Most AI document workflows still feel like they were designed around chat, not around documents.
You upload a PDF. You ask a question. You upload another file. You ask again. If the answer looks useful, you still have to go back to the original source, verify the passage, copy context into another document, and repeat the same process tomorrow.
That loop is fine for a single file. It breaks down when the work lives in folders: PDFs, Word files, spreadsheets, Markdown notes, reference material, exports, drafts, and half-finished research.
I built Document.Bot around a different assumption: the folder is the workspace.
Document.Bot is a local-first AI workspace for document-heavy work. You connect a folder of PDFs, Word files, spreadsheets, Markdown, and notes; the app indexes it locally; then you can search, inspect original sources, ask AI across the workspace, and draft reviewable, source-backed outputs without repeatedly uploading files into chat.
The architecture follows from that product promise. Document.Bot is a desktop app for macOS and Windows, built with Electron, React, LangChain, LangGraph, and LanceDB.
This is a builder note on why those choices fit the product, where the boundaries are, and what I learned building an AI app that treats retrieval and source inspection as core product features instead of invisible plumbing.
Why I Started With Desktop
A lot of AI products start in the browser. For many categories, that is the right call. Distribution is simpler, updates are immediate, and collaboration is easier to centralize.
Document.Bot was different.
The documents people care about are already on their machines. They are in synced folders, messy project directories, exports from other tools, email attachments, old client folders, and local archives. Asking users to repeatedly upload those files into a web app creates friction and raises trust questions immediately.
Desktop gives the app a more natural relationship with the user's files.
It can work with local folders directly. It can watch and index files in place. It can open original documents and preserve the user's existing folder structure.

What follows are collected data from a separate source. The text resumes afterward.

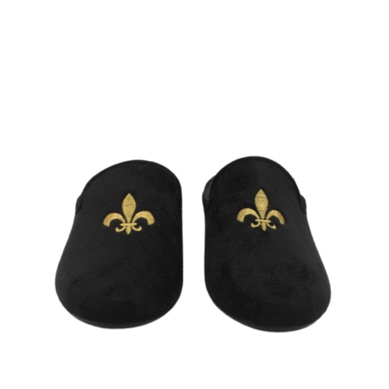 ZAPATILLA CHINELA TERCIOPELO FLOR DE LIS NEGRO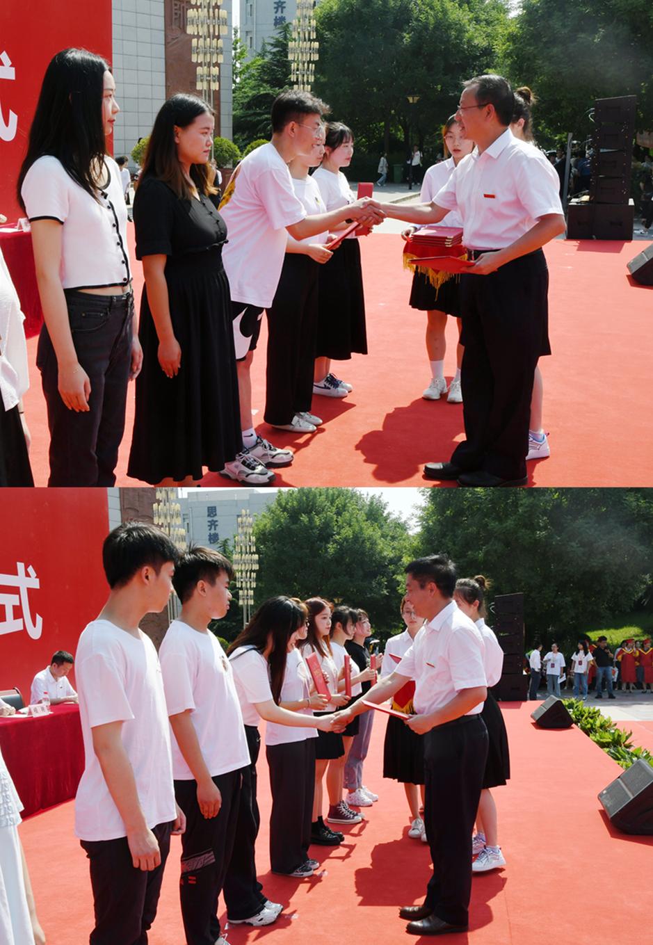 仪式上,全体毕业生面对校旗庄严宣誓,铿锵誓言展示出师院学子不忘初心、勇敢前行的信心、决心和力量。随后毕业生代表手捧鲜花为教师代表、毕业班辅导员代表、管理服务育人代表送去了深深的祝福,并对老师的关爱以及辛勤的教诲表示感谢,校党委书记付建成、校长邵必林分别为“省级优秀毕业生”代表和“学习标兵”代表颁发荣誉证书。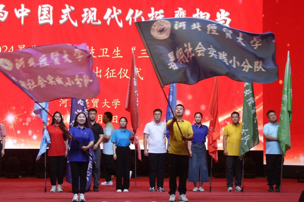 7月7日下午,学院实践小分队在校礼堂参加出征仪式,院团委书记梁旭辉代表实践团队接受出征旗帜。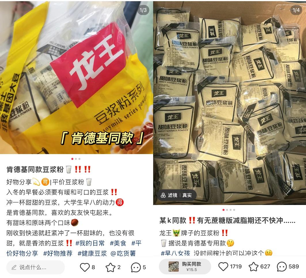 “某K同款”“教你实现肯德基豆浆自由”“我不会是最后一个知道肯德基豆浆供应商的人吧”……诸如此类的帖子被博主们当做流量密码使用,而龙王豆浆也在这股挖掘“平替”或供应商的潮流中走进了C端消费者的视线。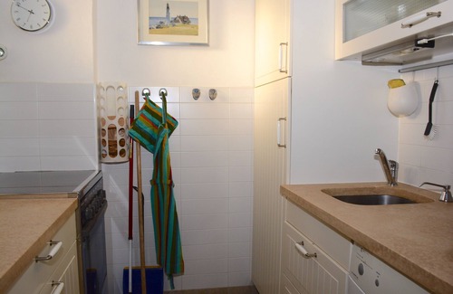 The modern kitchen is equipped with a full size fridge, gas cooker and oven, dishwasher, and Lavazza Mio capsule coffee machine. There is a separate lounge with TV and dining room with sea view. The very large private sun deck overlooks the beach and accommodates outdoor dining for 8 people, with huge umbrella and BBQ. There is a further garden and secure bicycle storage also overlooking the sea. Parking space for one car is at the rear of the building.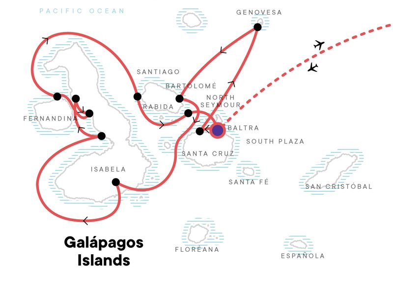 Arrival transfer. 7 nts in the Galápagos Islands aboard the Yolita. Flights to and from the Galápagos Islands. Certified Galápagos National Park Service guide. All landings, excursions, and transportation. Snorkelling equipment and wetsuits.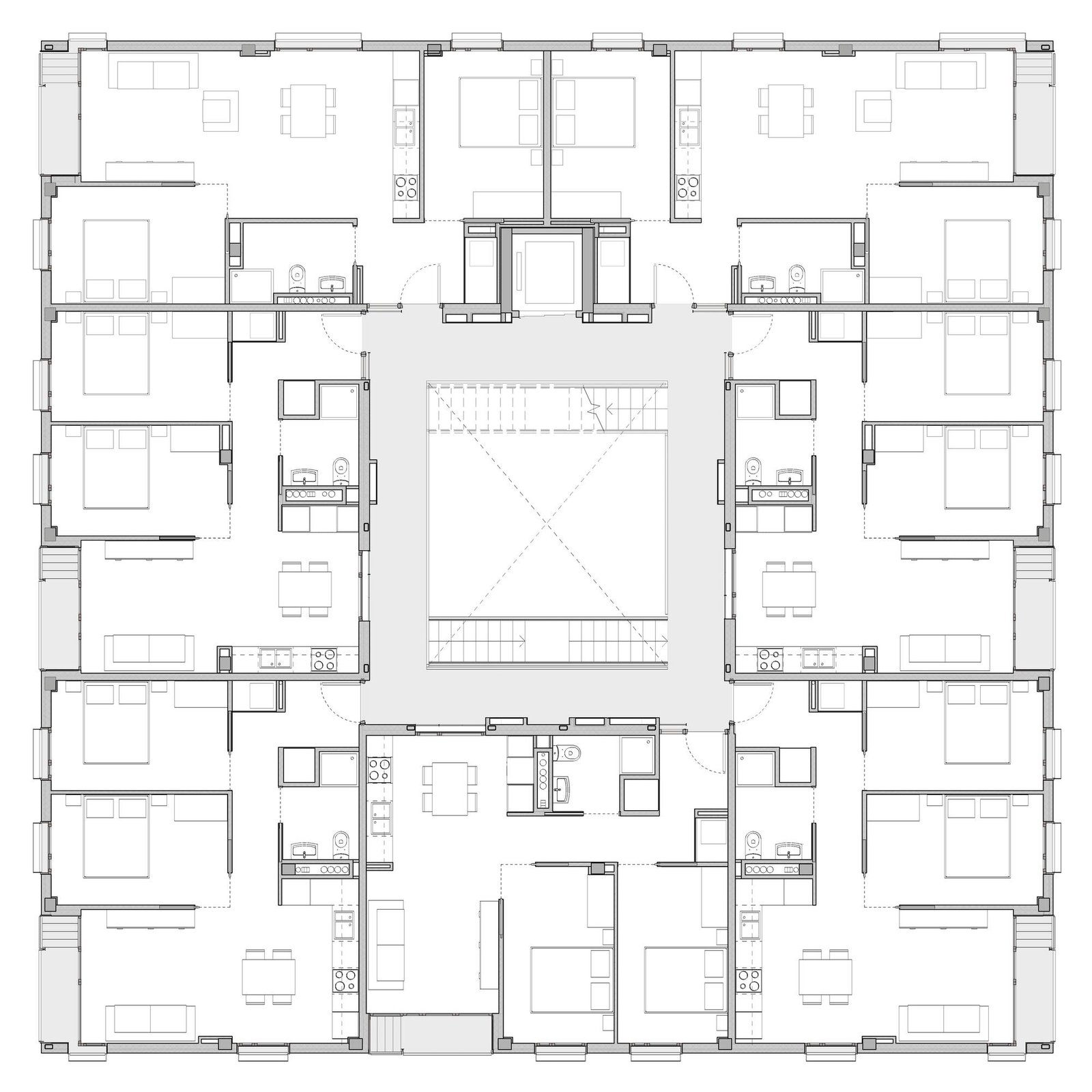 Las viviendas resultantes son compactas, pero buscan trascender las limitaciones dimensionales mediante estrategias espaciales precisas. El enfoque de «esquina destruida» rompe los límites visuales convencionales, amplía las perspectivas interiores y potencia la continuidad espacial, generando viviendas luminosas y flexibles a pesar de su limitada superficie.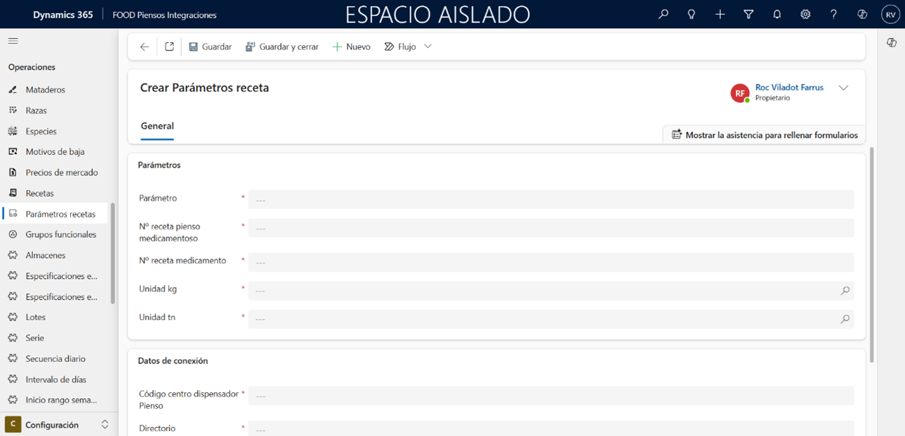 Para vincular la aplicación con el programa de generación de recetas, es necesario establecer la conexión desde el área de Configuración. Aunque la implementación será realizada por IFR, ciertos datos podrán ser editados posteriormente por el usuario. Para acceder a esta información, diríjase al Menú principal, seleccione el área de Configuración y, dentro del apartado Operaciones, haga clic en Parámetros de recetas.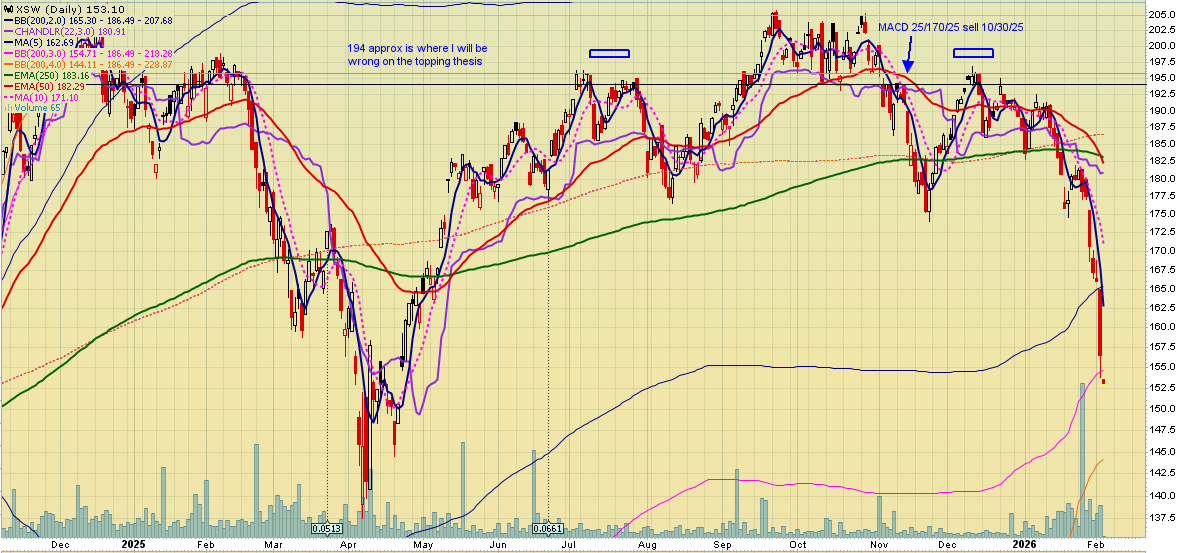 Software sector XSW continues to look weak- I haven't updated my chart since mid December and it is looking even more pronounced like a topping pattern. I would start changing my mind on a weekly close above around 192.
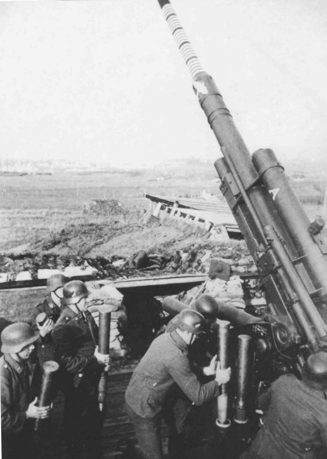 [呲牙] 真是福大命大——1944 年 7 月 6 日,英国,巴辛伯恩机场。一架完成慕尼黑空袭任务的美国 B-17 轰炸机机组人员正在检查机身遭德军高射炮击中后留下的损伤。大家可以发现,机身被炸出了一个巨大的豁口,差一点就把飞机炸成两段。 1944 年 6 月诺曼底登陆后,盟军为摧毁德国军工生产能力、切断其后勤补给线,加大了对德国本土工业城市的空袭力度。慕尼黑作为德国南部重要工业中心,拥有飞机制造、坦克零部件生产等军工企业,是美国陆军航空队下属的第八航空队的重点打击目标。B-17 一般用来执行昼间精确轰炸任务,依赖编队自卫火力和高空飞行规避德军战斗机,但德军部署的高射炮(尤其是著名的 88 毫米 高射炮,参见图2)仍是重要威胁。 B-17 是二战期间美军主力重型轰炸机,绰号 “飞行堡垒”,以结构坚固、抗损性强著称。机身采用全金属结构,关键部位(驾驶舱、燃料箱)配备装甲防护,即使被高炮破片击穿机身、打坏部分机翼,仍有大概率返航。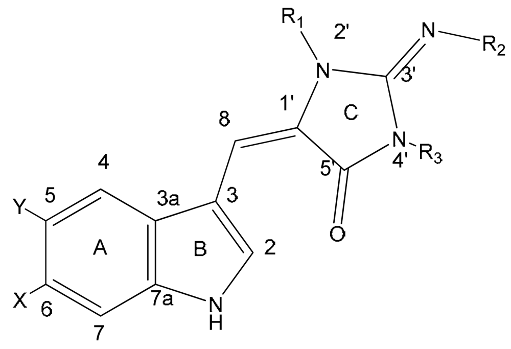 | 18 | 6-bromo-3′-deimino-3′-oxoaplysinopsin | Br | CH3 | CH3 |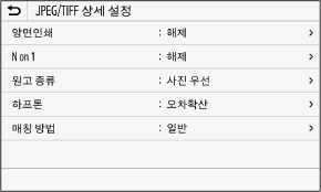 이 화면을 표시하려면 메모리 미디어 인쇄 설정 화면에서 [JPEG/TIFF 상세 설정]을 누릅니다.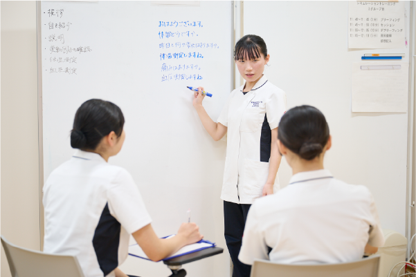 点滴対応中に他の患者様の検査や処置が重なったり、ケアを行っている際に他の患者様からの対応を求められるなど、臨床現場で起こりうるさまざまな状況を想定し、現場で適切に対処できるよう学びます。
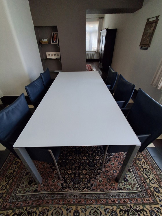 This table was purchased just a year ago and is still in perfect condition. It has a matte white glass top. It measures 220x100x76 cm.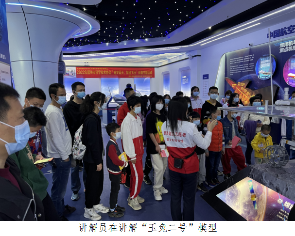 第二个环节是在科普讲解员的带领下参观航天航空展厅,科普讲解员将我国航天事业发展史娓娓道来,学生们在认真聆听,讲解过程中科普讲解员积极和学生们进行互动。科普讲解员对“玉兔二号”、“天宫一号”等航天航空模型进行深入讲解,让学生们更真切的感受到我国航天事业发展从无到有、从有到强的显著变化,学生们对此感触很深。在讲解完毕后,学生们在科普志愿者的引导下有序的进行航天航空VR沉浸式体验,通过头戴式的VR设备,切身体验到“重返地球”、“登月”、“飞越中国”等一系列的VR项目,学生们反响热烈,纷纷表示获益良多。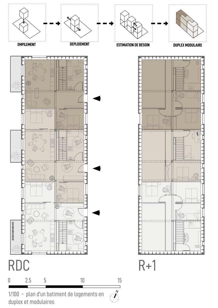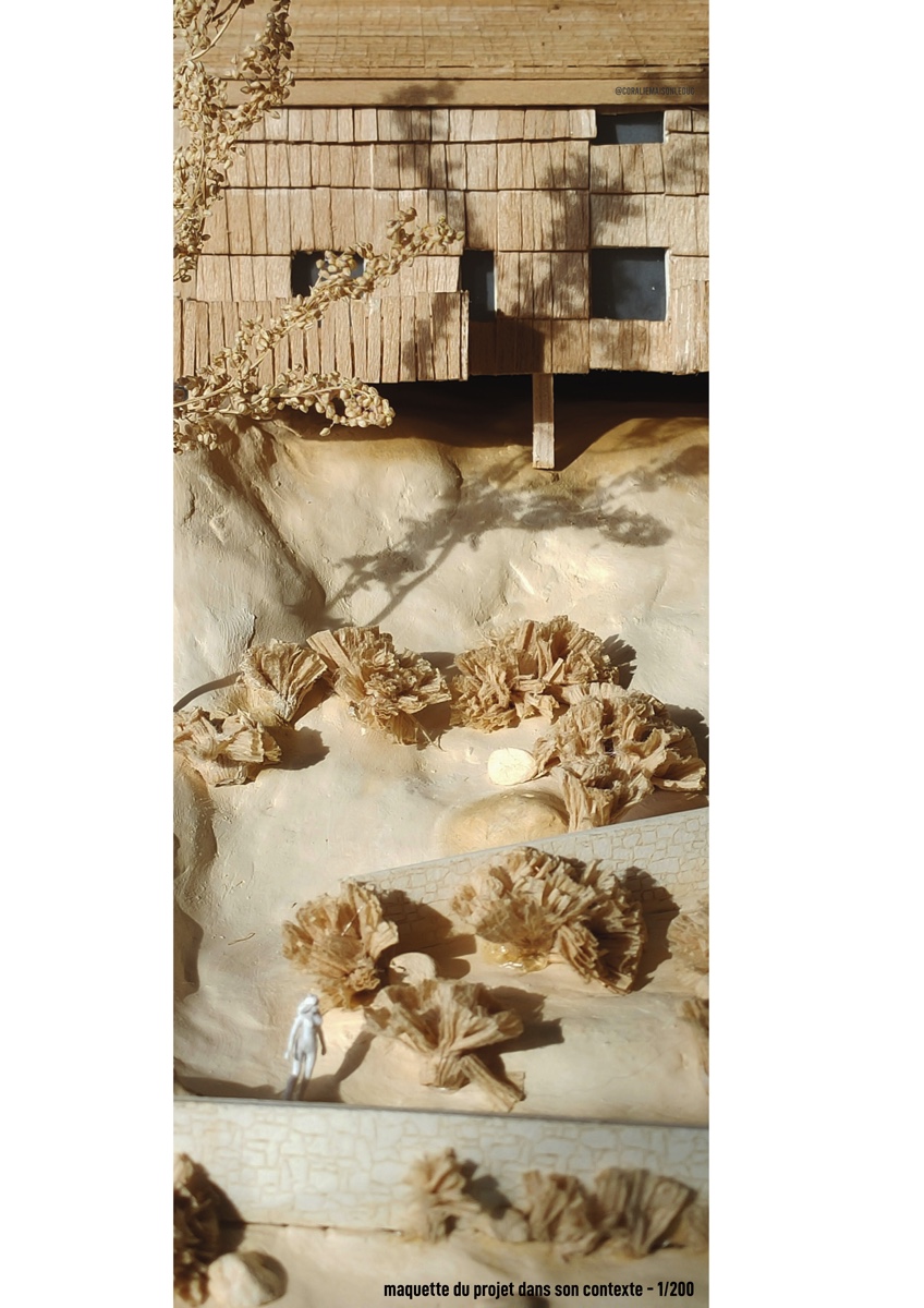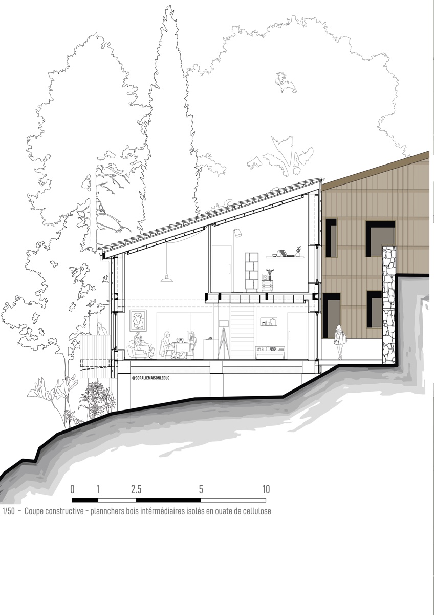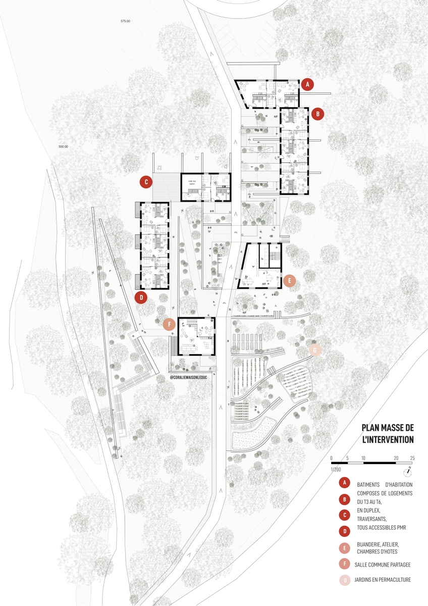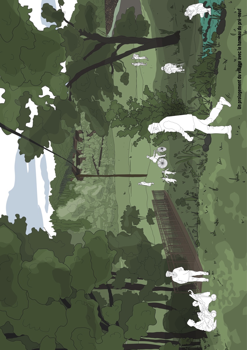 ![]() Coralie Maison LeducFaire projet à Saint-Barthélemy-GrozonLe hameau du Pré neufSaint-Barthélemy-Grozon est une commune d’Ardèche développée autour du Grozon. Le tracé de la route départementale a conditionné le développement du village. Le Grozon constitue une limite physique du centre-bourg, avec le pont de Gilhoc et la passerelle piétonne de la mairie facilitant sa traversée. Le site est aujourd’hui une porte d’entrée vers le patrimoine naturel du territoire. Autrefois agricole, le site est traversé par un cheminement menant à la forêt. Sa proximité directe avec la mairie, l’école et l’auberge du village en fait un atout. Face à une population vieillissante, le village doit augmenter son offre de logements accessibles. Le projet propose des espaces communs de partage, mutualisation et d’entraide intergénérationnelle tels qu’un atelier de bricolage, une salle commune, une buanderie et des chambres d’hôtes. S’intéresser à ce tiers paysage délaissé, c’est construire ensemble, avec frugalité, intégrant à la fois le respect de l’environnement et les dynamiques sociales locales, afin de garantir un développement harmonieux et durable du village.

It can keep local document processing local unless the user chooses a model or provider that requires remote calls.
That matters for document-heavy work because the user often does not just want "an answer." They want to know where the answer came from. They want to inspect the source. They want to compare a generated draft with the original file. They want the workspace to feel grounded in their own material, not like a temporary upload box.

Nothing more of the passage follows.